In arthritic synovium, the intimal phenotype changes relatively little. UDPGD activity is reduced in rheumatoid tissue [2], VCAM-1 and DAF remain prominent [21,27], while metalloproteinase production is increased but may be very patchy [28]. The major change is in subintimal fibroblasts, which take on intimal features. Here, there is a modest increase in UDPGD activity [2], VCAM-1 and DAF expression appears locally, and matches intimal levels where Blymphocytes are present [21,27]. Moreover, if a follicular structure is formed, these same cells express complement receptor 2 [21] which, although inducible on synovial fibroblasts in vitro by cytokines, is never seen in the intima, for unknown reasons.
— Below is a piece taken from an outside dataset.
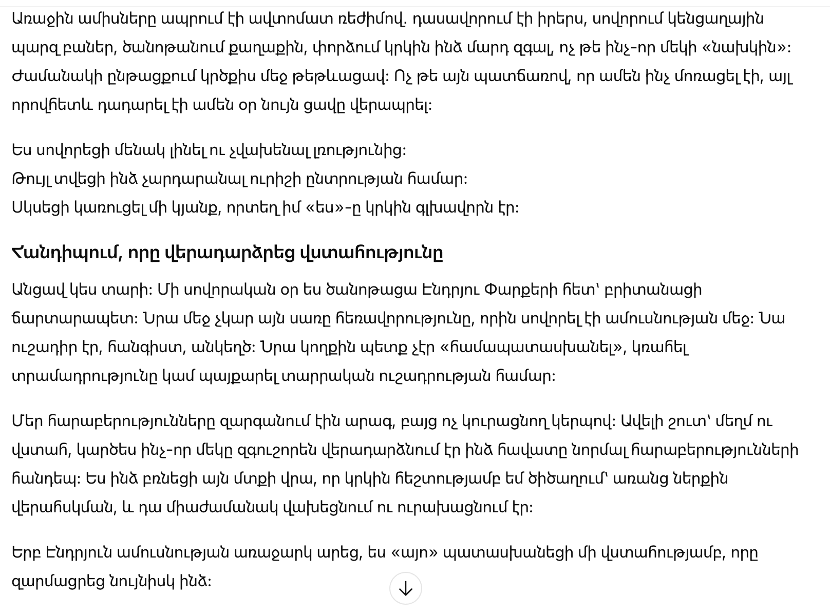 Прошло полгода. В один из обычных дней я познакомилась с Эндрю Паркером — британским архитектором. В нём не было той холодной отстранённости, к которой я привыкла в браке. Он был внимательным, спокойным, искренним. Рядом с ним не нужно было «соответствовать», угадывать настроение или бороться за элементарное участие.
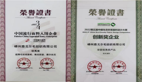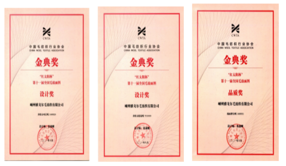公司选送的“毛丝绒衬衫面料”荣获“最佳匠心品质奖”,“绒面提花呢”荣获“艺术设计奖”,“纯毛双面短顺呢”荣获“匠心品质奖”

The key signal driving these changes appears to be tumour necrosis factor α, although other macrophage and T-cell cytokines are probably also involved.

Pannus contains a heterogeneous mixture of cells with intimal and subintimal features. There are also cells with features of chondrocytes, suggesting a mixed synovial and cartilaginous origin [29]. Pannus is probably a nonspecific reaction to cartilage damage, since it appears both in chemical arthritis in animals and in cartilage transplanted into normal subcutaneous tissue [30].
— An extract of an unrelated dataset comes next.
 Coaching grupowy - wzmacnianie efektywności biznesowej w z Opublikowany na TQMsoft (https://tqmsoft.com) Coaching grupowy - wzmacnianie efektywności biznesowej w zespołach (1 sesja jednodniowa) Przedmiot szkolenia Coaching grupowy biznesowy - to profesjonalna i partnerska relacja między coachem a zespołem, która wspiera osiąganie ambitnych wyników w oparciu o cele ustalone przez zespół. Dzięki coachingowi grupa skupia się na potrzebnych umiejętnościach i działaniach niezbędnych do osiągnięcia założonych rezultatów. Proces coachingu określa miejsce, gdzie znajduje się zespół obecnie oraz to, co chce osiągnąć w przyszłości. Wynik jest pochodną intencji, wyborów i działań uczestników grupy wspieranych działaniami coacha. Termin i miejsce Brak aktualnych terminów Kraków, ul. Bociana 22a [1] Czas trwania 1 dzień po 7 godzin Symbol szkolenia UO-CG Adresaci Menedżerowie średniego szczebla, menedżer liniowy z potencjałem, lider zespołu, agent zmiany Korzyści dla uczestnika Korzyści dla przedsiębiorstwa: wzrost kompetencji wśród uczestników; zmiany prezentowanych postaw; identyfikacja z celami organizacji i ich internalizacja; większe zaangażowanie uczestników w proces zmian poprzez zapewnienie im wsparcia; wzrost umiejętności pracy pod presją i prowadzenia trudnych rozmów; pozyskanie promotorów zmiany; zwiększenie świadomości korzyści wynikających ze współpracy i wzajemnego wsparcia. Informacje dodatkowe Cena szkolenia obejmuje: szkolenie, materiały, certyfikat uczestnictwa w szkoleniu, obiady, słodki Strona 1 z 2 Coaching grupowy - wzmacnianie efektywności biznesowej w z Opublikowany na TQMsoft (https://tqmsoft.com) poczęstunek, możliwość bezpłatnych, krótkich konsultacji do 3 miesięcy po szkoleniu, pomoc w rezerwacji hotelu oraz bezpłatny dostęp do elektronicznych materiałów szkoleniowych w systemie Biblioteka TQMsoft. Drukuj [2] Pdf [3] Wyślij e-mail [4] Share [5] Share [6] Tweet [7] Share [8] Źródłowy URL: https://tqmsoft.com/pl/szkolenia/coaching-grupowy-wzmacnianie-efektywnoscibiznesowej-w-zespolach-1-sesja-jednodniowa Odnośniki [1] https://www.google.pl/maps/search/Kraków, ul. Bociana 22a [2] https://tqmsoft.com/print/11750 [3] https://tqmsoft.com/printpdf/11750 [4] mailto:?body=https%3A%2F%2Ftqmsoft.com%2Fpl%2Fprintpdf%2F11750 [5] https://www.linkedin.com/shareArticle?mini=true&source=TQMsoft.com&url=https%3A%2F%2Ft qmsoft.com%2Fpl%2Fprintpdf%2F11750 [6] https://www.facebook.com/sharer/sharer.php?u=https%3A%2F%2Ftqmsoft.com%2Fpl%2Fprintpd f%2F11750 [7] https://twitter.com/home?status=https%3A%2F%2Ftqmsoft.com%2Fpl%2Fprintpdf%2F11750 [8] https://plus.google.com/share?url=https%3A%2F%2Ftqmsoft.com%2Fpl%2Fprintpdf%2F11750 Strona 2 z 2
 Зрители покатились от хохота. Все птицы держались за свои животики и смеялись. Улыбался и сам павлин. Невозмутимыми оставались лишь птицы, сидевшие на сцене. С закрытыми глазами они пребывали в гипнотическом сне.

Further similarities between synovial and bone marrow fibroblasts have been observed in synovitis. Shared gene products include bone marrow stromal factor 1, stromal cell-derived factor 1, and bone morphogenetic protein 2 [10,31,32]. These might be interpreted as indicating influx of bone marrow cells; in rodents, contiguity between synovium and bone marrow probably does allow mixing of populations. However, the simpler view is that synovial and bone marrow stromal cells are derived from the same stock and have the same potential for specialised gene expression. The manifestation of that potential depends on the local environment, with matrix synthetic and leucocyte interactive factors being co-expressed at some sites (normal human intima) but not at others (bone marrow, rabbit intima). The further overlap of transcriptional control with lymphoid stromal cells probably makes it relatively easy for synovial stroma to transform into a heterogeneous mixture of bone marrow and lymphoid environments, conferring susceptibility to certain types of immune dysregulation.

Synovium is a highly specialised immunologic microenvironment with affinities with splanchnopleura and bone marrow that may explain its involvement in inflammatory rheumatic disease.